For example, if you’re using someone else’s data, there’s privacy issues, depending on if it’s personally identifying data… Of course, if you’re working in healthcare there’s issues about even where you’re allowed to store certain data, and whether that is on-prem, out of facility, in the cloud… There’s a lot of issues there. So I think the main issues are that you’re being – some of those data sources that you might like to use might force you into using certain infrastructure; might force you into staying on-premise, in your own company’s infrastructure, or it might allow you to be in the cloud… And even if you are in the cloud, you might still have to maintain certain audit trails, and that sort of thing for the data that you’re using, especially if you’re using data that’s been generated by EU citizens, and all of that sort of thing with GDPR. That’s really in my mind the major factor.

[19:55] Yeah, I would agree with that. And that was a great point you made, in that just the laws and the way laws will affect your own organization strategy in terms of where you’re housing data in – and I’ve actually seen over the last couple of years, as people were prepping for GDPR, and then it came into being, I’ve had conversations with people where they chose where to keep data from a nationality standpoint. They might literally relocate their operations in terms of the training and the data storage into a completely different country to accommodate those laws, and also to figure out with different countries having different laws how are they going to approach that from a strategy standpoint, where should those operations be.

So it can increase your cost, on having enough equipment to go to different places, and to have to think through that… So there’s multiple rabbit holes here, and I know we’re just kind of skimming over the top of some of these issues on this episode, and we can certainly do episodes - and actually have done in the past - where we do some deep-dives… I’ll kind of leave it there, and let us proceed on down the infrastructure route.

Yeah, I think the main takeaway is before you decide on a specific “Oh, I’m gonna run in GCP” or “I’m gonna run in AWS” or “I’m gonna run on-prem”, you need to have a process in place that will help you decide whether the data concerns related to where I am allowed to store data, how much data I can share, even within your own organization.

So far we’ve talked about our personal setup, what an AI practitioner might need locally, and then what organizational concerns might go into choices around whether your AI workflow runs in the cloud, or where you store your data, and that sort of thing… But let’s go ahead and just into how AI practitioners are running their AI workflows in the cloud or on-prem; what are the sorts of frameworks and infrastructure and tools that they’re using to actually enable those AI workflows. Again, this is from our personal experience and what we’ve seen other people doing, and what we’ve done ourselves, but maybe we can start with what sorts of resources do we need in terms of compute and storage? What sorts of resources do you need to run your AI workflows, Chris?

Well, going back to a little while ago, I’m very focused on Docker, just because it makes it a lot easier. Having said that, I do keep TensorFlow installed locally, but since I’m not running on a local GPU, I’m not sure that I necessarily need to do that. I think for any real workflow I do, I have a Docker container, and I know especially at work we have specific production containers that we use for our workflows there, so we’ll pull down one of those. There are a lot of options on that. I know NVIDIA, for instance, has a whole bunch of production workload containers that you can use as a base for your company - and this is assuming that you are running on NVIDIA equipment in that case - that are already optimized for that.

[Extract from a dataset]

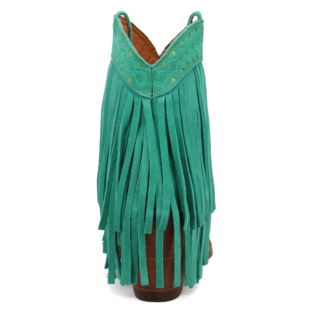 Be the talk of the town in these Green Dingo Tapadero booties! Our suede leather boots feature not one, but TWO layers of fringe, adding a touch of playful flair to any outfit. The intricate western-inspired embroidery wrapping around the ankle makes these booties perfect for any occasion. Preorder now before it's too late!
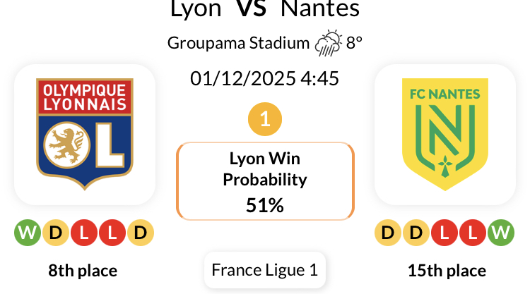 리옹은 리그 1에서 낭트를 상대로 한 지난 24경기 중 22경기에서 무패 행진을 이어가고 있습니다

[23:59] So for me it’s really easy to grab one of those production containers and then do the customization I need, add my model into it, figure out how I’m gonna get the data into that for training… I’ve done that a couple of different ways over time, depending on what the resources available to me are… But when I’m serious about doing work and I’m not just playing around, I’m starting Docker from the get-go.

I love using Docker as well. How I think about the layers that I need to deploy to enable my AI workflow, a lot of times what I’m running will be in Docker, but then under the hood or a layer down I like to think of two primary types of resources that I need… Those being compute and storage. If you just have compute, you might be able to run your Docker container, but then where are you gonna put your data? It’s not so great to put 200 terabytes of data in a Docker container; I don’t know that anyone’s actually done that… Although some people like to put data in containers, but… So I like to think sort of under the hood, or a layer down, we need two sets of resources - those being compute and storage.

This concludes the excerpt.